● **Source records**

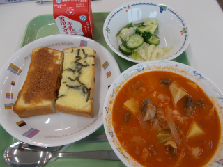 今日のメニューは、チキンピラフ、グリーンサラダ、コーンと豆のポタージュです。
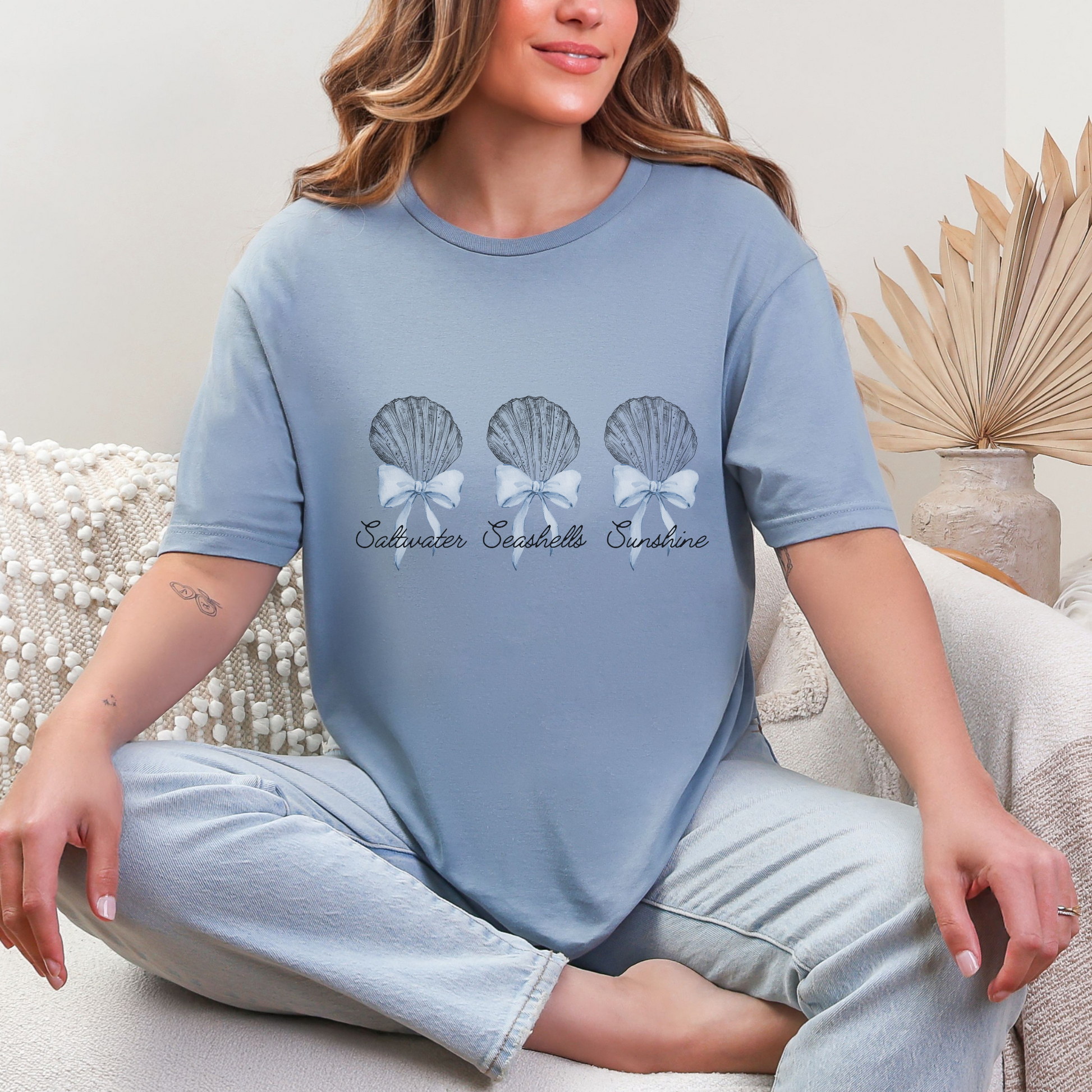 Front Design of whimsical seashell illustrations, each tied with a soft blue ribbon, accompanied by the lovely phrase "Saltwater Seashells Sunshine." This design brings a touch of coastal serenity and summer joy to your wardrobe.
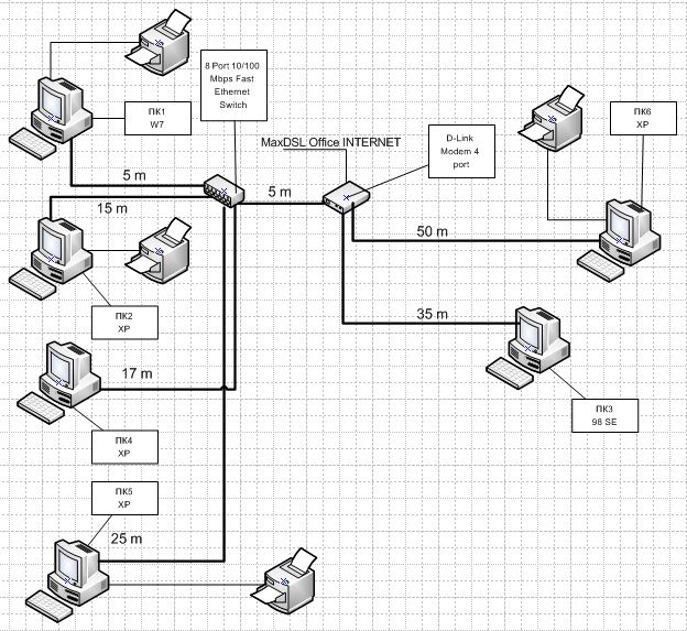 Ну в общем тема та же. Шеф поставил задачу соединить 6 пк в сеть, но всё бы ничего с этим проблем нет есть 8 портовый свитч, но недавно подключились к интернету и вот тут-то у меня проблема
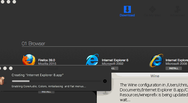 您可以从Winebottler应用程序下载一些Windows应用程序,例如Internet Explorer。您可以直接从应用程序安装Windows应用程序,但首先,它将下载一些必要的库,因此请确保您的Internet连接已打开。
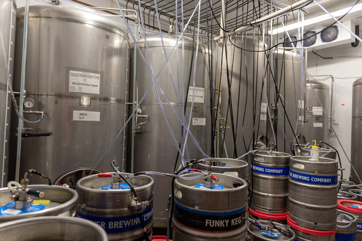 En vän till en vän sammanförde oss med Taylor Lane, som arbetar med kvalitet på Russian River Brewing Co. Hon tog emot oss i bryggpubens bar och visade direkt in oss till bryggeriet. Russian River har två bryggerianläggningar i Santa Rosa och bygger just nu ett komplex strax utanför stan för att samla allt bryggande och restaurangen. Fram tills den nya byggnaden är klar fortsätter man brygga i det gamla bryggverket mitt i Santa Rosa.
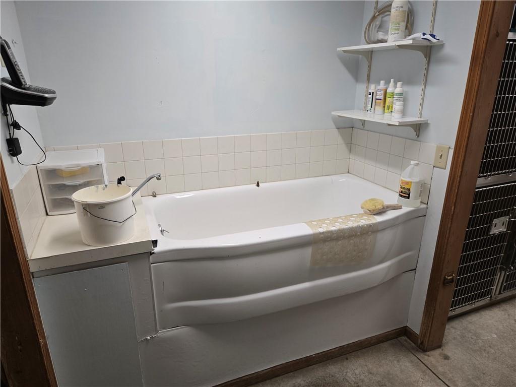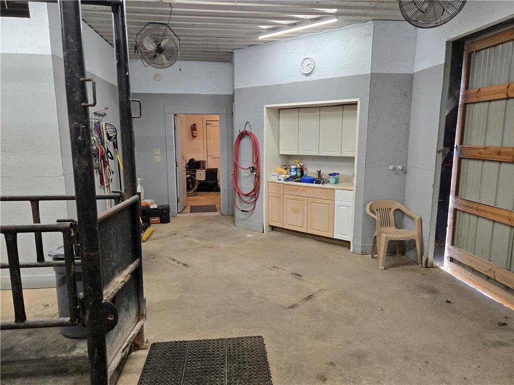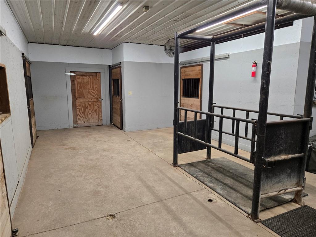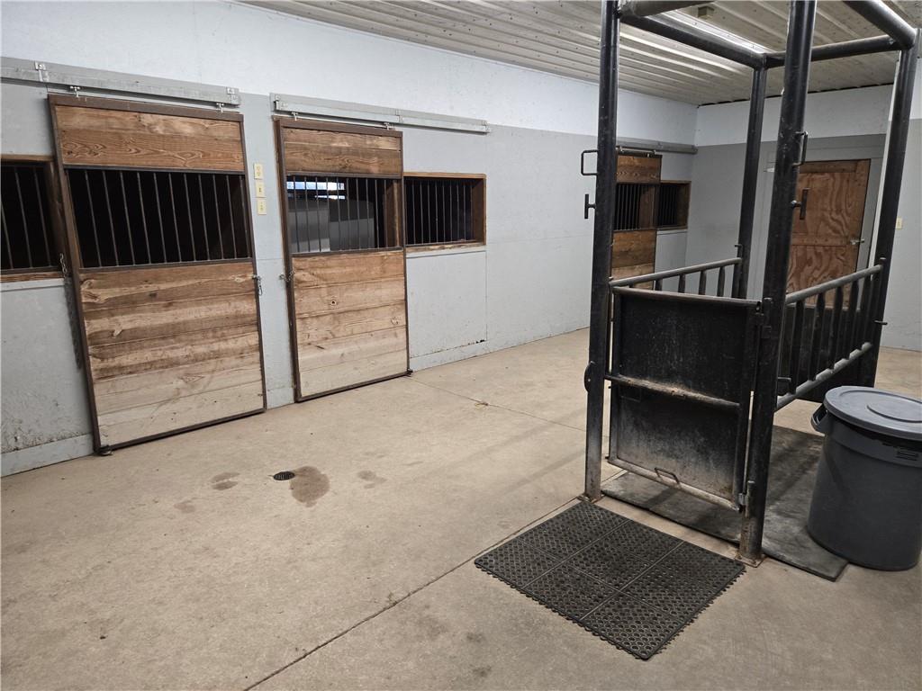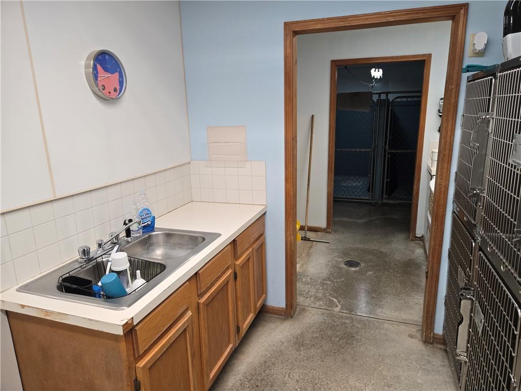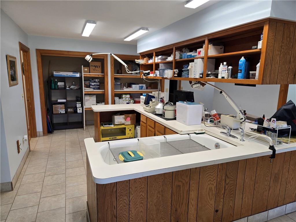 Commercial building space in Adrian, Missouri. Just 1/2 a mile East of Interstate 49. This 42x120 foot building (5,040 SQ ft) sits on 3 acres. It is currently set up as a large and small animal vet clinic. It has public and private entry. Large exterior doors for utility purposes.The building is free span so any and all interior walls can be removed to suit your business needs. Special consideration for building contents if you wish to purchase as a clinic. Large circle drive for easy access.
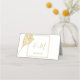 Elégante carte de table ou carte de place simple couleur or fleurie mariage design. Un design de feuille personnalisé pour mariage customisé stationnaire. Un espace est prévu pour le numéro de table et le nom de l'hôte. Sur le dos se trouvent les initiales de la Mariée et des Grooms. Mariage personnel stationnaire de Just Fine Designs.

● **EXERCISE GOAL**
The records above need to be copied exactly, though not their pictures.

● **WRITTEN SOLUTION**
 今日のメニューは、チキンピラフ、グリーンサラダ、コーンと豆のポタージュです。
 Front Design of whimsical seashell illustrations, each tied with a soft blue ribbon, accompanied by the lovely phrase "Saltwater Seashells Sunshine." This design brings a touch of coastal serenity and summer joy to your wardrobe.
 Ну в общем тема та же. Шеф поставил задачу соединить 6 пк в сеть, но всё бы ничего с этим проблем нет есть 8 портовый свитч, но недавно подключились к интернету и вот тут-то у меня проблема
 您可以从Winebottler应用程序下载一些Windows应用程序,例如Internet Explorer。您可以直接从应用程序安装Windows应用程序,但首先,它将下载一些必要的库,因此请确保您的Internet连接已打开。
 En vän till en vän sammanförde oss med Taylor Lane, som arbetar med kvalitet på Russian River Brewing Co. Hon tog emot oss i bryggpubens bar och visade direkt in oss till bryggeriet. Russian River har två bryggerianläggningar i Santa Rosa och bygger just nu ett komplex strax utanför stan för att samla allt bryggande och restaurangen. Fram tills den nya byggnaden är klar fortsätter man brygga i det gamla bryggverket mitt i Santa Rosa.
 Commercial building space in Adrian, Missouri. Just 1/2 a mile East of Interstate 49. This 42x120 foot building (5,040 SQ ft) sits on 3 acres. It is currently set up as a large and small animal vet clinic. It has public and private entry. Large exterior doors for utility purposes.The building is free span so any and all interior walls can be removed to suit your business needs. Special consideration for building contents if you wish to purchase as a clinic. Large circle drive for easy access.
 Elégante carte de table ou carte de place simple couleur or fleurie mariage design. Un design de feuille personnalisé pour mariage customisé stationnaire. Un espace est prévu pour le numéro de table et le nom de l'hôte. Sur le dos se trouvent les initiales de la Mariée et des Grooms. Mariage personnel stationnaire de Just Fine Designs.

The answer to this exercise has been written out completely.